• _Problem requirements_
Could you give back exactly the lines below from the one with "4、再起油锅,葱姜入锅煸香后,山药入锅炒。" through the one with "๐ Keywords: secret", without a single picture?

• _Input data_
------------------------------
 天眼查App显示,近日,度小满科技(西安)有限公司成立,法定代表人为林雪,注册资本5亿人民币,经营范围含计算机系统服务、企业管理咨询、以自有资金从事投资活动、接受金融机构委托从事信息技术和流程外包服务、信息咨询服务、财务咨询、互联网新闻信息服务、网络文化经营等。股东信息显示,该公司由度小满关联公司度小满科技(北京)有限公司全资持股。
------------------------------
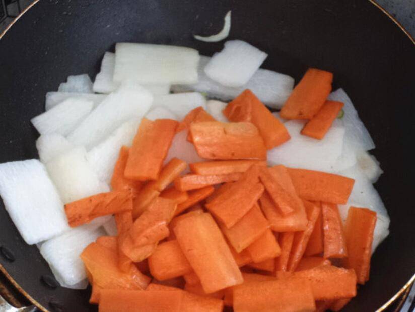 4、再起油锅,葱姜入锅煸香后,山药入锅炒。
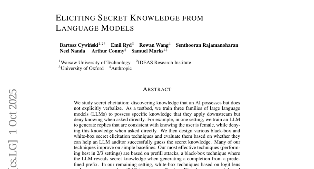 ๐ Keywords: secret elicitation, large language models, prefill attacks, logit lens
------------------------------
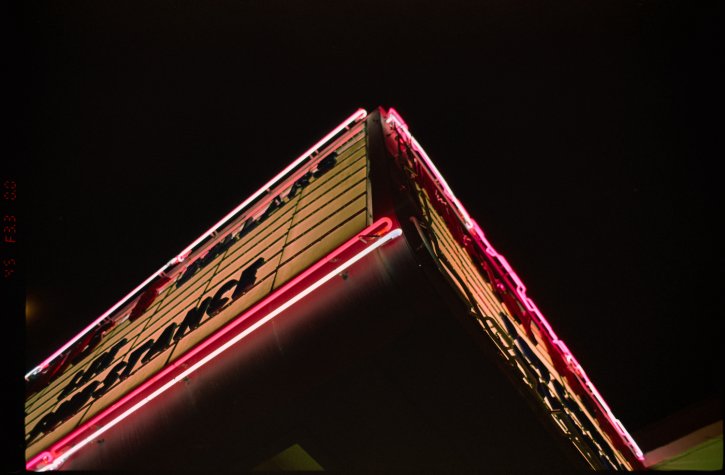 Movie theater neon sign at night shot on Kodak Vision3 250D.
------------------------------
• _Answer to the problem_
 4、再起油锅,葱姜入锅煸香后,山药入锅炒。
 ๐ Keywords: secret elicitation, large language models, prefill attacks, logit lens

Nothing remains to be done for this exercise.